The pulley was smaller than I expected. It is also aluminum, not steel. I took a shot next to a known measuring device, known to some as a mini-mag.







The first order of the day was to decide what to use for a reference point. My first instinct was to use the flat shoulder where the set screw was located, but that might have been turned at any point in the manufacturing process and might not be concentric. Instead I used the .0005 DTI on the bore for a reference. 

Once centered I ran it in and out to make sure the axis was aligned. The measurement did not change, so it was axially aligned.

Out





In





Then came the puzzling part; to double-check I indicated on a V groove of the pulley and found that it was slightly out of round.  Only a thou and a half, but I was glad that I'd not used that groove as a reference.

Boring it would cut through the V of the smallest step anyway, so I sharpened up my parting blade and went at it. It parted very nicely. The video I made came out fuzzy. 






The drill that I used to get it close to final size dwarfed the part, but it did the trick. The pulley material was very soft and made long strings as I drilled. I should have pecked so the strings would break. If they'd caught on the jaws of the chuck I'd have chips everywhere. They also had sharp edges.







I adjusted my small ( 3/8 ) inch carbide bar for minimal overhang and went to town, boring only .010 to .015 per pass. I used an expanding bore measuring device after each pass. I was extra cautious since last week I cheerfully cut an extra .015 off a bore because (based on eyeball measurements) I thought I had lots more to go. I was not going to make that mistake again.

Setting the boring bar.





Making a measurement.











The final pass was only .0008 per my dro. I had nothing but aluminum dust in the lubricant on the cutting edge. That seemed to be about as expected. 

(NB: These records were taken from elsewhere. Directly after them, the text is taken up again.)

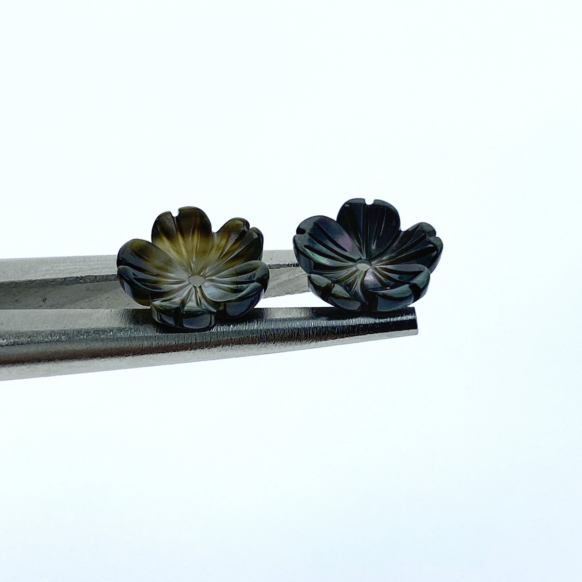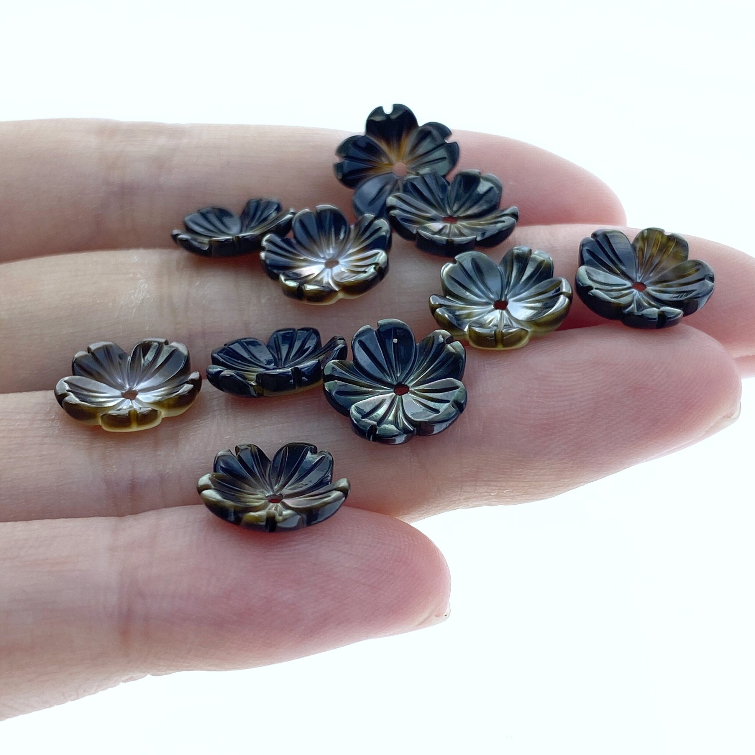 10pc Flower Beads Black Mother Of Pearl Beads Charms 10mm Hand Carved BM-0035
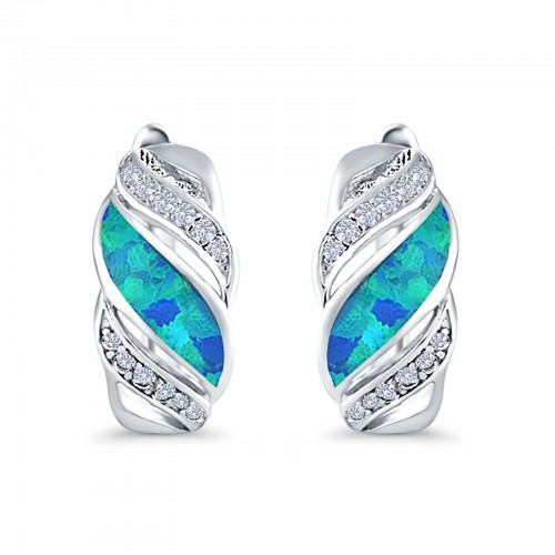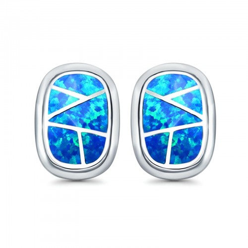 Stud Earrings Lab Created Blue Opal 925 Sterling Silver (18mm)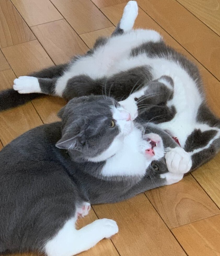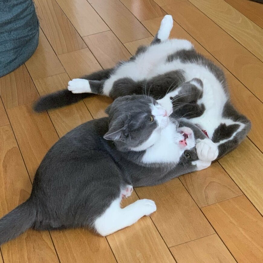 いつもこうして仲よく遊んでいるのでしょうか。猫たちの日常を切り取った1枚に、笑みがこぼれてしまいますね。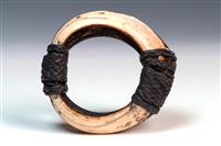 A COLLECTION OF MELANESIAN OBJECTS, including Blackwater river shamans basket, highlands armband, Kambot village bamboo comb, Sepik neckband, Wattam lagoon betelnut mortar, opossum tooth necklace, kina body ornament and two shell money discs

The end result came out nicely. My target was .626 -0 +.003, and it measured out at .629 and looks smooth as a baby's skin.






The pictures were done with the wrong camera, and manipulated on a new laptop without any graphics programs. Hope they we not too boring.

Daniel


----------



## 65535 (Mar 14, 2010)

Very cool, and amazing turn around to machining. I was working on my idea for an adjustable motor mount using low profile nu-strut (uni-strut). Using CR plate was a horrible mistake, I'll be buying some aluminum and using that, as well as aluminum for my large strut t-nuts.

Can't wait to get that pulley mounted up.


----------



## HarryN (Mar 17, 2010)

Hey Daniel - next time invite me over to watch. :twothumbs


----------



## gadget_lover (Mar 18, 2010)

HarryN said:


> Hey Daniel - next time invite me over to watch. :twothumbs



I'll keep that in mind the next time that I have a planned project. This one was "got home, ate dinner, played in garage between dishes and chores". It's nice to be able to slip into the garage for a few minutes or hours.


Daniel


----------